Hermione approached slowly and lowered herself next to him. They sat like that for a long time until she finally broke the silence.
"While I never had the privilege of meeting your mother or your Grandmother, I think I'm on pretty safe ground when I say that I'm sure neither of them holds a newborn or an eleven year old responsible for such life altering decisions as who lives and who dies, Oliver."
She nudged his knee lightly with her own. "As a matter of fact, I'd wager that both of them loved you very, very much and the last thing either one of them would want is for you to carry around that sort of burden for the rest of your life.
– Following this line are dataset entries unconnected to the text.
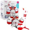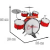Всі функції музичного набору з барабанами живляться від 4-х батарейок АА , тобто популярних батарейок, які не входять в комплект. Нижче наведено вміст іграшки з розмірами :
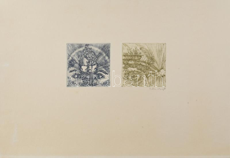 Balla Margit (1947-), 2 db mű egy lapon: Cím nélkül. Rézkarc, papír, jelzett. 8,5×8 (x2) cm.
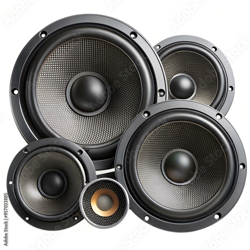 A close up of four different speaker drivers. showcasing their intricate details and professional quality.
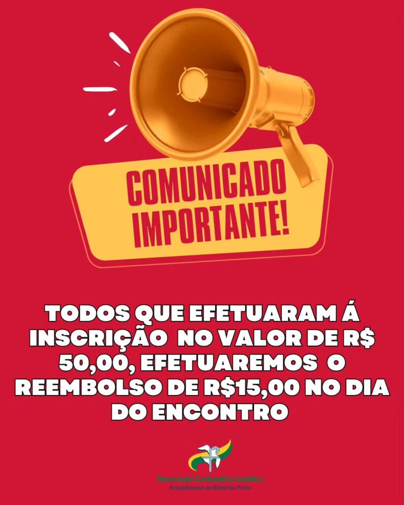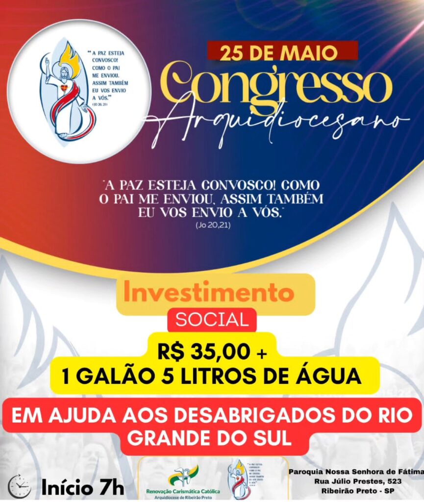 É com alegria e fervor que convidamos você a se juntar a nós no dia 25 maio de 2024, com novas mudanças em prol de ajudar nossos irmãos do Rio Grande do Sul e o encontro será a partir das 7h, na Paróquia Nossa Senhora de Fátima(Estigmatinos), para uma experiência única de fé e renovação no Congresso Arquidiocesano da Renovação Carismática Católica de Ribeirão Preto. O Congresso é aberto a participação de todos.
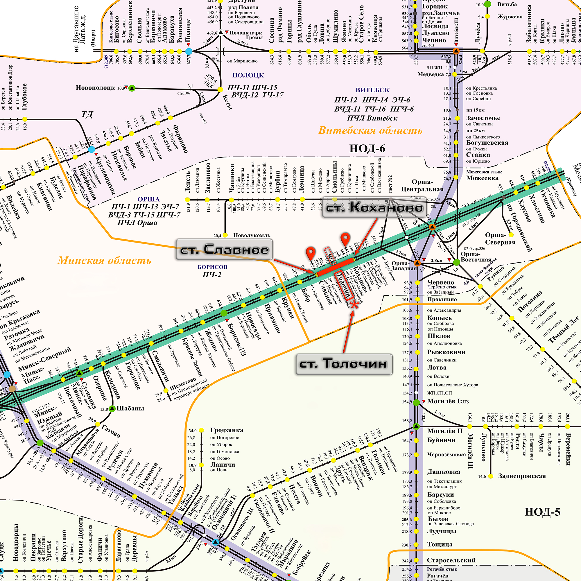 По имеющимся сведениям, в период приблизительно с 01.00 до 03.00 часов ночи на участке от ст. Славное до ст. Коханово на протяжении около 44 километров направления Минск — Орша Минского отделения БЖД полностью останавливалось движение поездов в четном и нечетном направлении.
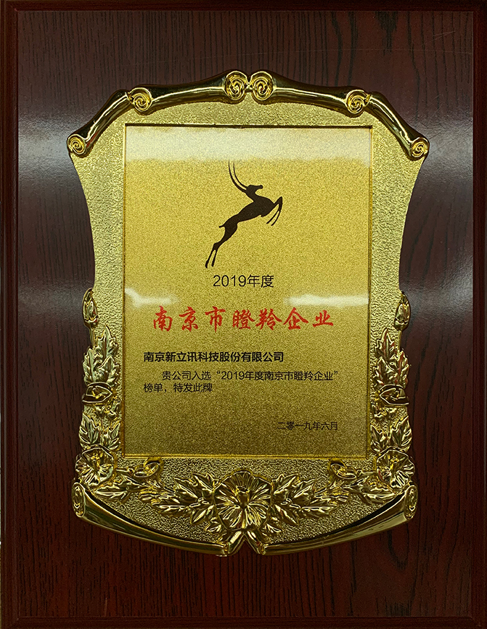 南京市委常委、常務副市長楊學鵬發布了《2019年南京市獨角獸、培育獨角獸、瞪羚企業名單及白皮書》,并為新增獨角獸、培育獨角獸代表、瞪羚企業代表頒發獎杯和獎牌。南京新立訊科技股份有限公司獲得“2019年度南京市瞪羚企業”榮譽稱號。

I'm certain that what they'd want most is for you to let go of all that emotional baggage that's weighing you down so you could fly — fast, free and unencumbered by anyone else's expectations — simply because you love flying."
She gave him a soft smile and added, "I know if I had a child, that would be my wish for them."
Oliver looked at her and shook his head. "You know what, Granger? When you're not being a overbearing swot, yer a half decent lass."
Hermione clutched an imaginary string of pearls around her neck and exclaimed, "Why, Oliver Wood! I do believe that's the nicest thing you've ever said to me!"
They both laughed then Oliver tentatively extended his hand.
"What do you say, Granger? Give it one more go? Start over with a clean slate?"
Hermione smiled as she accepted his handshake.
"Why not? Third time's the charm, right?"